Dans nos entretiens, la différence entre les enseignants interrogés réside dans la personne à qui nous confions notre ressenti. Ils citent bien entendu les collègues qui sont les plus aptes à dialoguer sur un sujet découlant de l’école. Puis, ils abordent la possibilité d’en parler avec un membre de la famille ou autres. Laurène est l’enseignante qui nous clarifie le plus précisément comment elle choisit la personne à qui elle va en parler. Elle nous dévoile qu’il s’agit tout simplement d’une question d’attentes. En effet, selon la réponse que nous attendons, nous allons choisir telle ou telle personne. Par exemple, s’il s’agit d’un conflit ayant sa source à l’école, si elle désire éprouver un simple soulagement, elle discute avec un ami. Par contre, si elle attend une aide, un soutien, des réponses concrètes avec une éventuelle piste, elle en parle avec un collègue.

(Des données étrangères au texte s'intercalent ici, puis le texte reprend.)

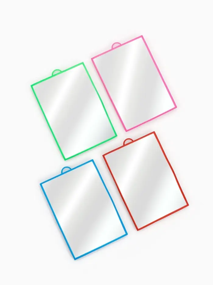 Многофункциональное зеркало с прямоугольным стеклом размером 11×16 см и разноцветной пластиковой рамой удобно использовать как настольное и настенное. Лёгкий корпус без увеличения подходит для разных комнат — спальни, гостиной, ванной или прихожей. Универсальный дизайн с ярким миксом оттенков дополняет интерьер и помогает контролировать внешний вид без лишних деталей.
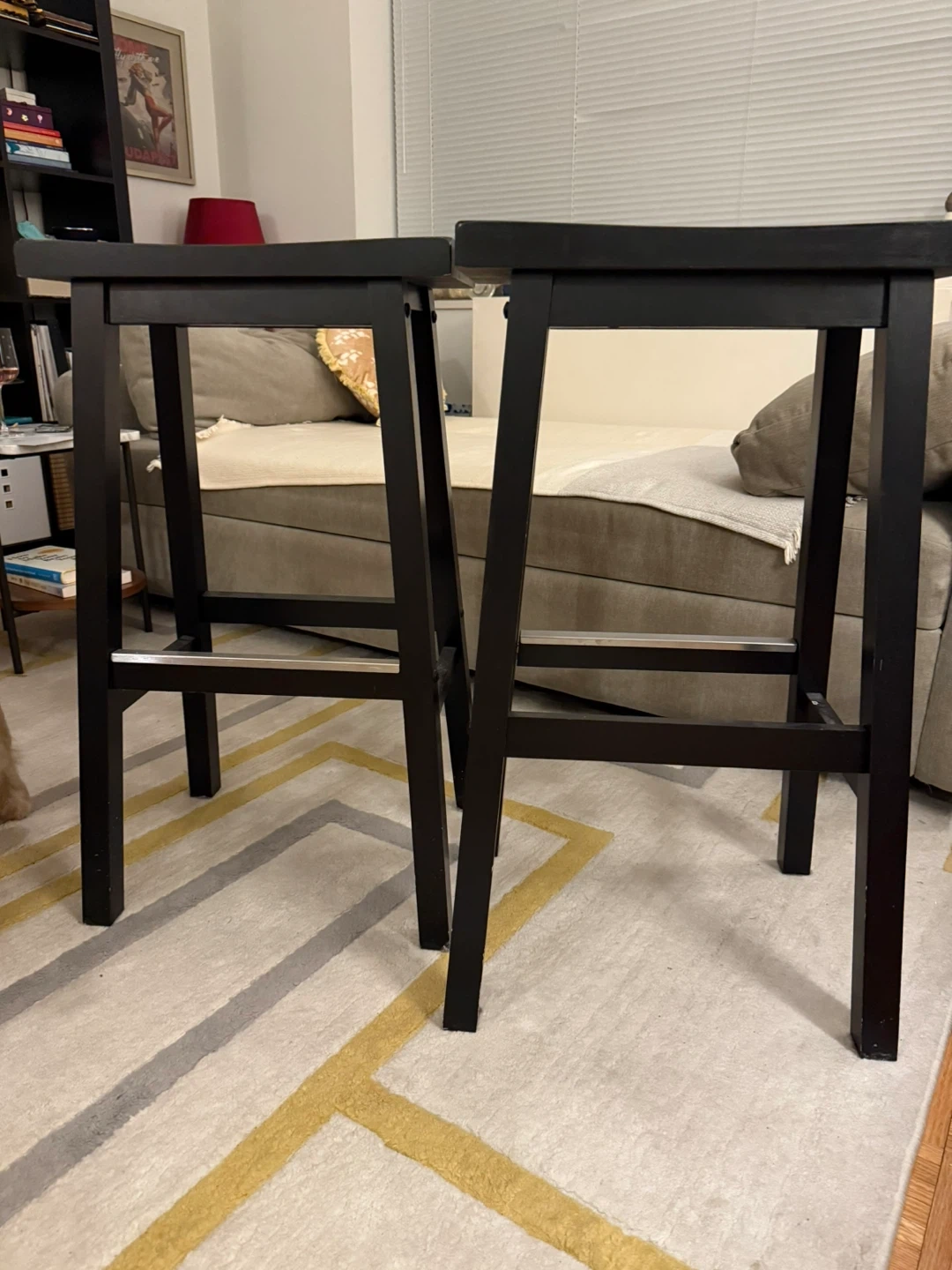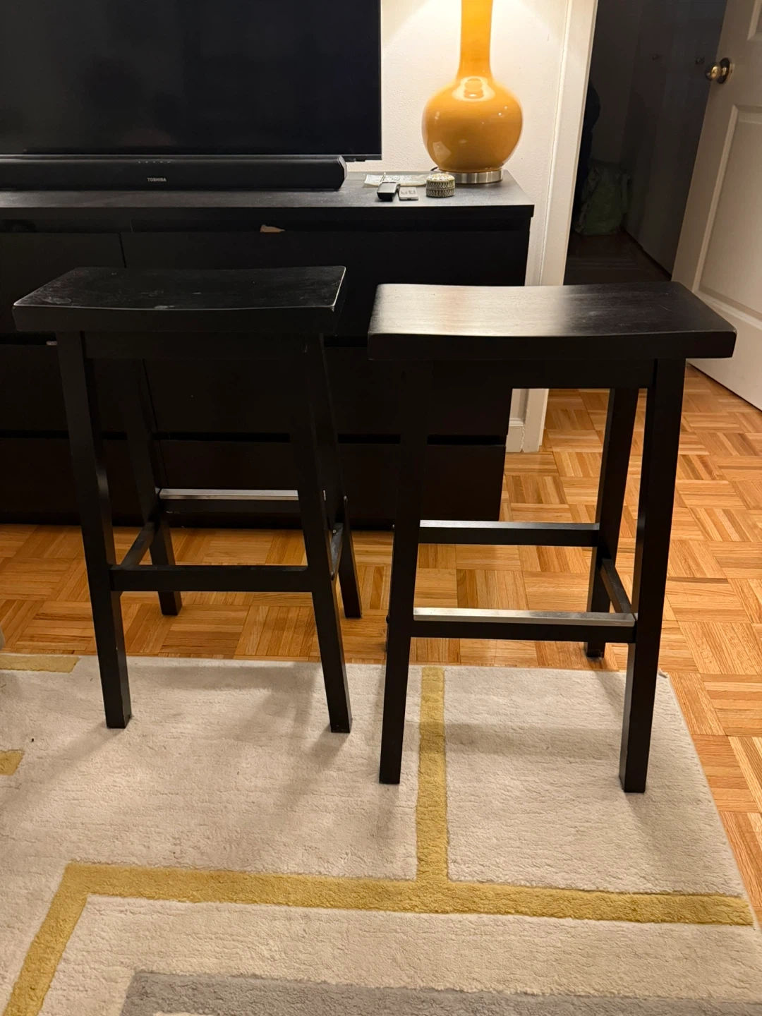 Selling a set of two bar stools in black! They're in great shape and ready to add some style to your kitchen or bar area. These stools are sturdy and comfortable, perfect for enjoying meals or drinks at your counter
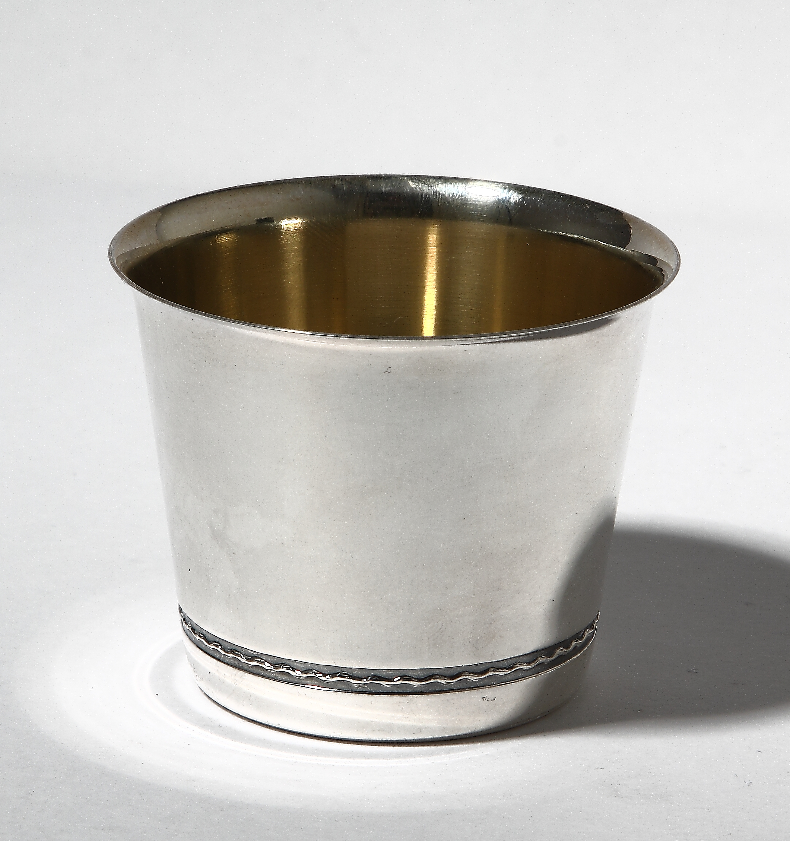 Серебряный стаканчик с позолоченной внутренней поверхностью.
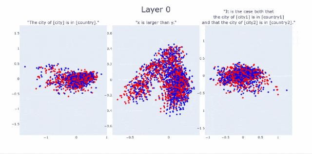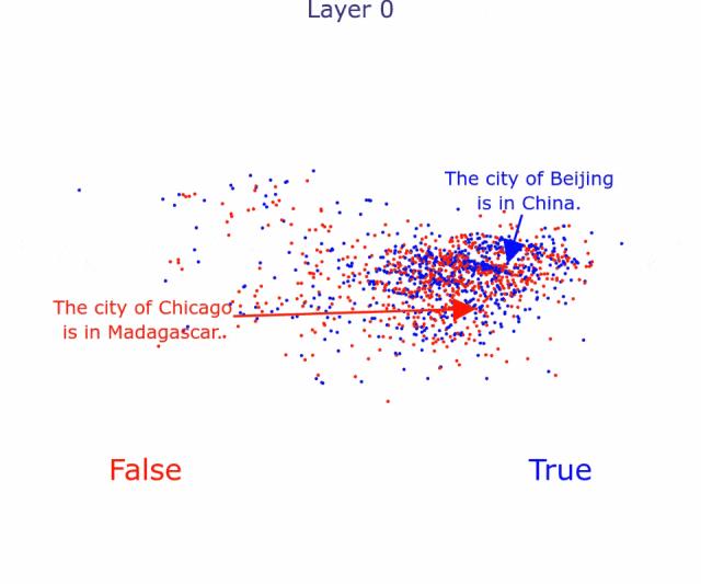 随着层数越来越高,大模型可越来越清晰地区分出,前者为假,后者为真。

Yves de La Monneraye (2004) parle dans « La parole rééducatrice » de la discussion avec autrui : psychologues et rééducateurs scolaires en vue d’une « rééducation de l’Ecole » :

« Leur première tâche me paraît être de créer avec leurs collègues ce lieu d’écoute à l’intérieur de l’école ; il sera à la fois un lieu protégé, pour qu’on puisse y parler sans danger, mais non un lieu complètement clos, ignorant par principe les objectifs fondateurs de l’Ecole. » (2004, p.37)

En conclusion, l’échange avec quelques adultes peut être plus libre que celui avec les élèves. En effet, le choix des mots reste important, mais les quelques confusions pourront être éclaircies. La discussion avec un adulte n’est pas abordée de la même manière qu’avec la classe. Comme nous le détaille Laurène, les attentes diffèrent selon l’interlocuteur. De plus le vocabulaire employé va aussi différer que l’on soit en présence d’enfant, de la hiérarchie ou de gens proches. Le fait de pouvoir dire ce que l’on pense sans devoir peser nos mots permet une meilleure « décharge ». Nous désirons garder cette piste en mémoire, parce qu’il n’y a rien de plus déstabilisant que de se retrouver seul dans une situation dont on

ne trouve pas la porte de sortie. Nous tenons tout de même à préciser qu’il s’agit là de se décharger « avec » et non « sur » autrui.